Hearing disability in patients with Fuchs' endothelial corneal dystrophy: unrecognized co-pathology?

• Published in: Clinical ophthalmology (Auckland, N.Z.) Vol. 5; pp. 1297 - 1301
• Main Authors: Stehouwer, Marilette, Bijlsma, Ward R, Van der Lelij, Allegonda
• Format: Journal Article
• Language: English
• Published: New Zealand Taylor & Francis Ltd 01.01.2011; Dove Press; Dove Medical Press
• Subjects: Age; Fuchs' endothelial corneal dystrophy; hearing disability; hearing impairment; Ophthalmology; Original Research; Fuchs’ endothelial corneal dystrophy; hearing impairment; hearing disability
• ISSN: 1177-5483; 1177-5467; 1177-5483
• DOI: 10.2147/opth.s23091

To investigate a possible association between Fuchs' endothelial corneal dystrophy (FECD) and hearing disability. A cross-sectional observational study was performed at the University Medical Center Utrecht. Cases and controls were patients who were treated by a cornea specialist between 2004 and 2008. FECD patients had either already undergone or were planned for a keratoplasty procedure. All controls were patients treated for cataract without any corneal pathology. Cases and controls were matched by age group and gender. A structured telephone interview combined with a validated self-perceived hearing function test (the Hearing Handicap Inventory for the Elderly, screening version; HHIE-S) was used for data collection. Hearing disability was reported in 33 patients (45.8%) in the FECD-group (n = 72, average age: 73 years) versus 50 patients (34.7%) in the control group (n = 144, average age: 73 years). Hearing disability was significantly associated with FECD after adjustment for age, noise exposure, and diabetes mellitus (odds ratio 1.97 95% confidence interval 1.04-3.75). This case-control study reports a significant association between FECD and hearing disability.
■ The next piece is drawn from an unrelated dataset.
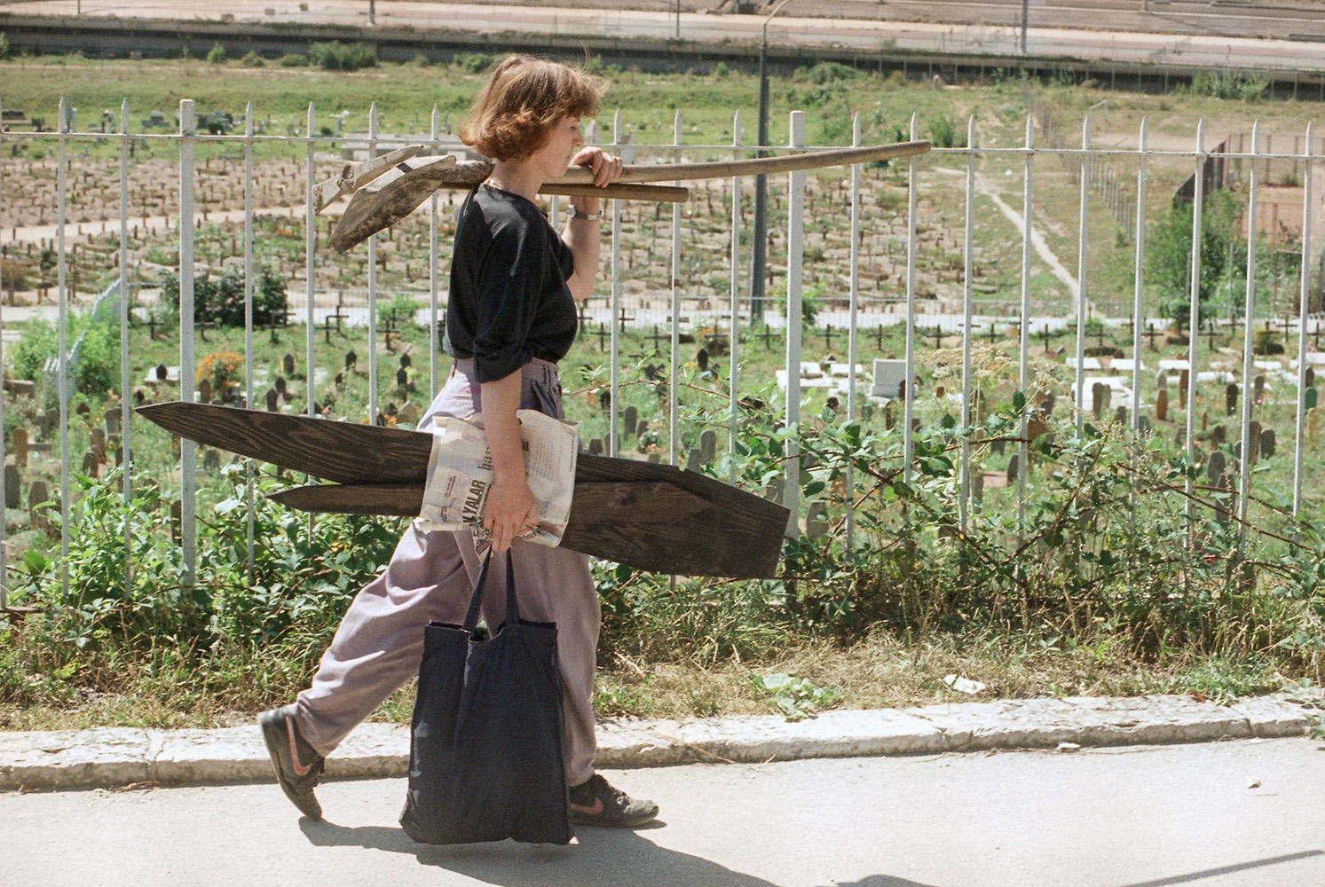 Женщина несет памятник на могилу своего брата, боснийского солдата, 1994 год. Фото: Enrich E. Marti / AP
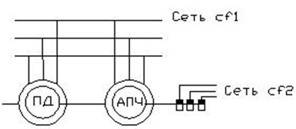 Мощность на выходе АПЧ складывается из электромагнитной мощности Р эм, передаваемой в обмотку ротора вращающимся полем статора, и механической мощности приводного двигателя Р пд, т.е. Р 2 = Р эм + Р пд. Соотношения между мощностями Р эм и Р пд зависит от скольжения. Так, при работе АПЧ со скольжением s = 2 эти мощности равны и ротор половину мощности получает от статора, а половину – от приводного двигателя. При необходимости плавной регулировки частоты на выходе АПЧ в качестве приводного двигателя применяют электродвигатель с плавной регулировкой частоты вращения, например двигатель постоянного тока. Однако чаще всего АПЧ используют для получения определенной частоты тока f 2 и в качестве приводного применяют асинхронный или синхронный двигатель.

The causal relation was not evaluated in this study, though mutations in the SLC4A11 gene could have played an important role. This gene encodes for an ion transporter, which has been found in the cornea and inner ear. With the lack of examination with a pure tone or speech audiometry in this study, further studies need to be performed in order to support the association and should include a complete ENT examination with audiometry and genetic research.